**WHAT THE TASK ASKS:**
For the entries below, return every line from the top through the line with "Über das genaue" exactly as it stands, omitting pictures.

**EXTRACTED MATERIAL:**
▬▬▬▬▬▬

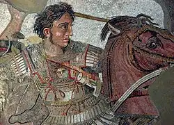 Alexander the Great is portrayed at the Battle of Gaugamela (331 BCE) on a mosaic found on the floor of the House of the Faun in Pompeii. He is astride his famous horse Bucephalos and wears a breastplate decorated with the head of Medusa.
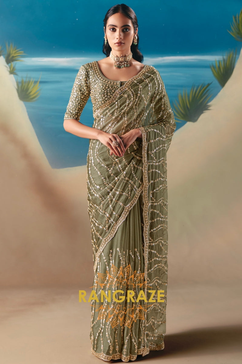 Olive Mist Satin Organza Saree with Intricate Sequin & Bead Work
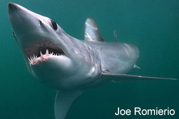 The shortfin mako (Isurus oxyrinchus) is one of five species in the family commonly known as mackerel sharks which includes the great white shark and basking shark. The mako shark is described as spindle shaped, deep blue to purple above and white below, with a conical head, sharply pointed snout and crescent shaped caudal fin. The u-shaped mouth has large sharp teeth that protrude outside of the mouth even when closed. It can reach a maximum length of over 4 m.
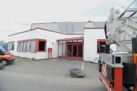 Über das genaue Ausmaß der Schäden gibt es noch keine Informationen, es sind aber etliche Scheiben im Umfeld zerborsten, Dächer wurden stellenweise abgedeckt. Inzwischen ist der Kampfmittelräumdienst vor Ort und hat die Unglückstelle weiträumig abgesperrt.
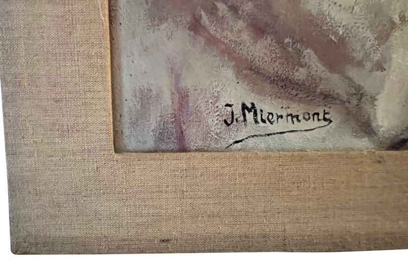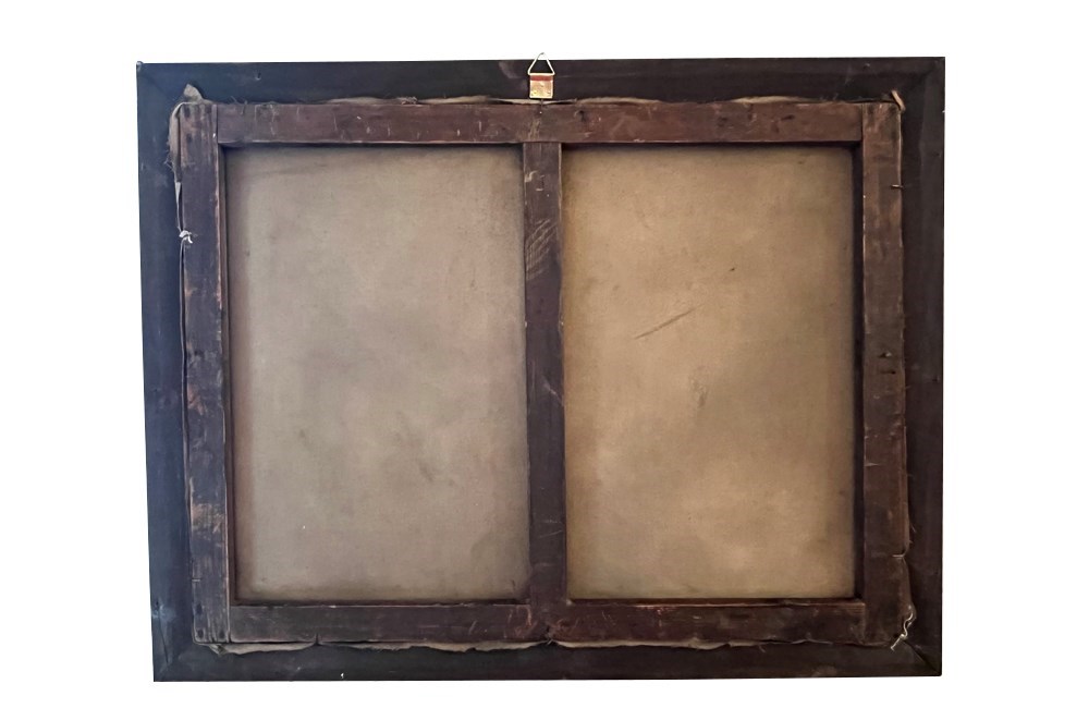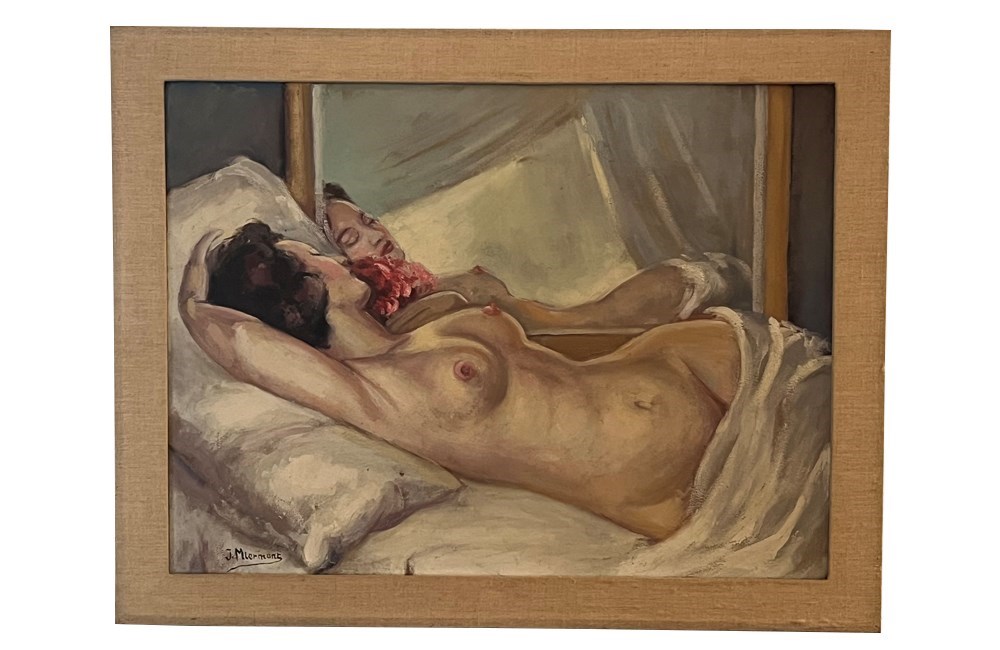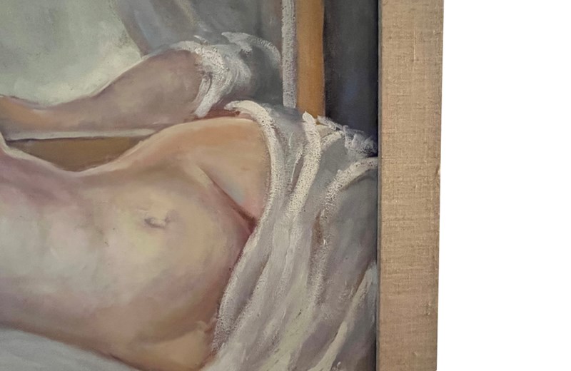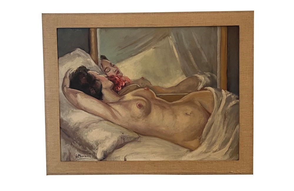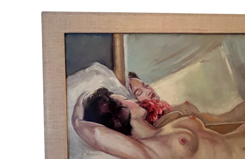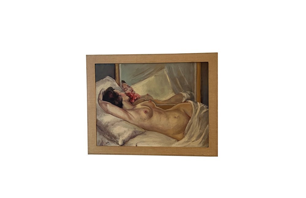 Framed oil on canvas painting of a sleeping female nude. Reclining in her bed, a rose lays by her head resting on a pillow , reflected in a mirror.
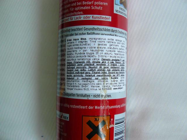 Naudojau tik vieną kartą supurkšti batus. Pakuotė aptiškėjus vašku, visa kita gerai. Paštu nesiųsiu šio produkto. Impregnatorius skirtas apsaugai nuo vandens ir drėgmės. Tinka batams ir drabužiams.
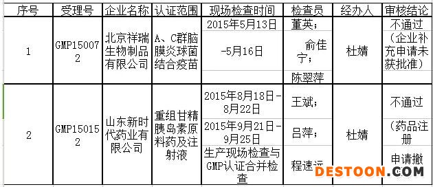 通知表示,根据国家食品药品监督管理总局的有关规定,经现场检查和审核,北京祥瑞生物制品有限公司因补充申请未获批准、山东新时代药业有限公司因药品注册申请撤回,本次认证申请不通过,现予公示。公示期为 10 个工作日,自 2016 年 6 月 20 日至 2016 年 7 月 1 日。
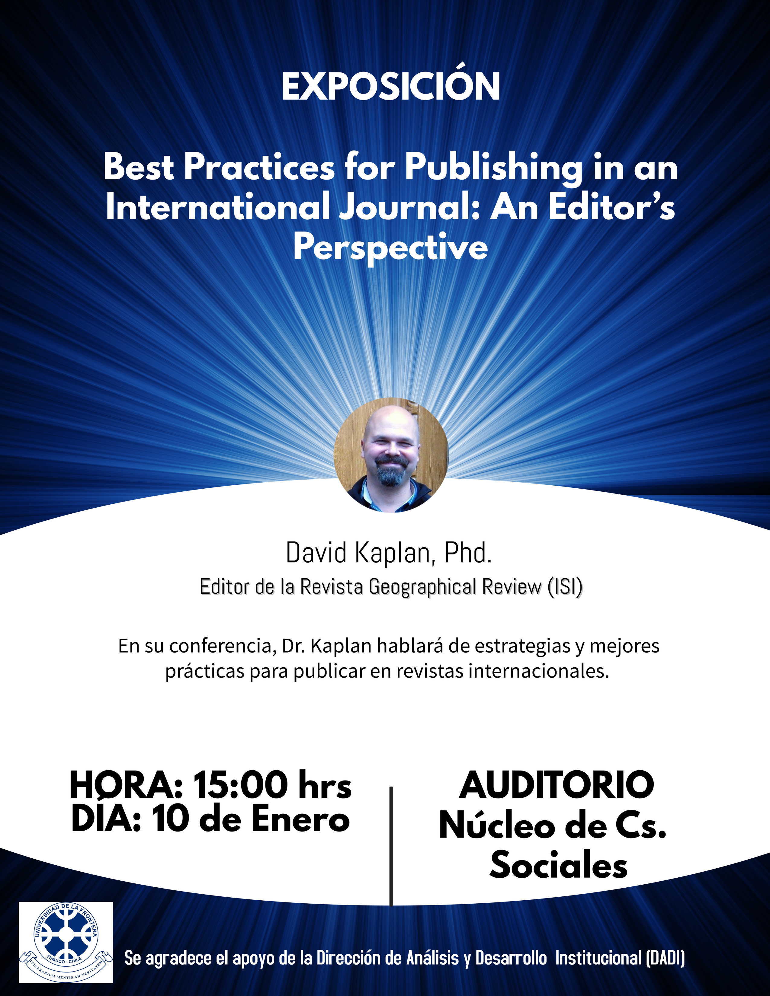 La Dirección de Análisis y Desarrollo Institucional, el Cie-Patagonia y el Núcleo de Ciencias Sociales y Humanidades, invitan a la comunidad universitaria a la presentación del Dr. David Kaplan, editor-in-chief de la revista ISI Geographical Review, “Best Practices for Publishing in an International Journal: An Editor’s Perspective”, que se realizará el 10 de Enero a las 15.00hrs en el Auditorio del Núcleo de Ciencias Sociales y Humanidades de la UFRO. Geographical Review, es la revista científica del American Geographical Society. Dr. Kaplan es profesor titular de Kent State University en Estados Unidos e investiga los temas de segregación urbana, identidad y etnicidad, y fronteras. https://www.kent.ed u/geography/profile/david-h-ka plan.

▬▬▬▬▬▬

**WRITTEN SOLUTION:**
 Alexander the Great is portrayed at the Battle of Gaugamela (331 BCE) on a mosaic found on the floor of the House of the Faun in Pompeii. He is astride his famous horse Bucephalos and wears a breastplate decorated with the head of Medusa.
 Olive Mist Satin Organza Saree with Intricate Sequin & Bead Work
 The shortfin mako (Isurus oxyrinchus) is one of five species in the family commonly known as mackerel sharks which includes the great white shark and basking shark. The mako shark is described as spindle shaped, deep blue to purple above and white below, with a conical head, sharply pointed snout and crescent shaped caudal fin. The u-shaped mouth has large sharp teeth that protrude outside of the mouth even when closed. It can reach a maximum length of over 4 m.
 Über das genaue Ausmaß der Schäden gibt es noch keine Informationen, es sind aber etliche Scheiben im Umfeld zerborsten, Dächer wurden stellenweise abgedeckt. Inzwischen ist der Kampfmittelräumdienst vor Ort und hat die Unglückstelle weiträumig abgesperrt.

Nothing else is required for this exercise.